Это так очевидно! В данной евангельской сцене мы наблюдаем удивительное явление, если можно так выразиться, сверхлогичности: в нем нарушен, превзойден логический закон тожества, самый основной и первый, без которого, как говорят ученые, не обходится ни одно человеческое суждение. По закону этому ‘все равно самому себе’ и о всем можно сказать да или нет, но не сразу ‘да’ и ‘нет’. Между тем ‘путь Марии’ только и получает свое ‘да’, когда переплетается с ‘путями Марфы’, т.е. при условии, если нечто другое его отрицает, как, разумеется, и ‘путь Марфы’ выносим, целебен, спасителен лишь при условии, когда хорошо оберегается ‘путь Марии’, т.е. совершенно другой, его отвергающий путь! — ‘Хорош ли путь Марии?’ На это только и можно ответить: ‘Да, если ему не следует Марфа!’ — ‘Хорош ли путь Марфы?’ — ‘Да, если по нему не идет Мария’. Здесь да и нет слиты в одно, и Христос победил Аристотеля.

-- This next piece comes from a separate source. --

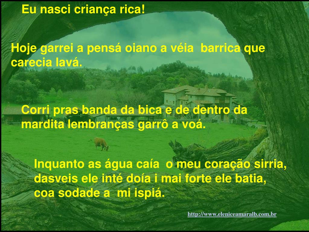 Eu nasci criança rica! Hoje garrei a pensá oiano a véia barrica que carecia lavá. Corri pras banda da bica e de dentro da marditalembranças garrô a voá. Inquanto as água caíao meu coração sirria, dasveis ele inté doía i mai forte ele batia, coa sodade a mi ispiá. http://www.eleniceamaralb.com.br

Это-то и не было оценено монашеством, ринувшимся гипнотически по ‘пути Марии’. ‘Нужен и Шекспир‘, — это ранее или позже вынуждено будет сказать все монашество, и попы, и отшельники, старцы, и святые в гробах своих, все…
Но ‘путь Марфы’, как тоже указанный в Евангелии, содержащийся в Евангелии, как другой евангельский путь помимо ‘пути Марии’, был не только не возделан христианством, но и совершенно забыт был церковью, притом отчасти гневно, презрительно, враждебно забыт. Забыты эти ‘милые тревоги хозяйства’, как тоже ‘евангельские заботы’, как возможные ‘евангельские заботы’. И хлеб, и яства, и обстановка, утварь, мебель, весь ‘дом’ и то бесконечное понятие, которое содержится в слове ‘дом’…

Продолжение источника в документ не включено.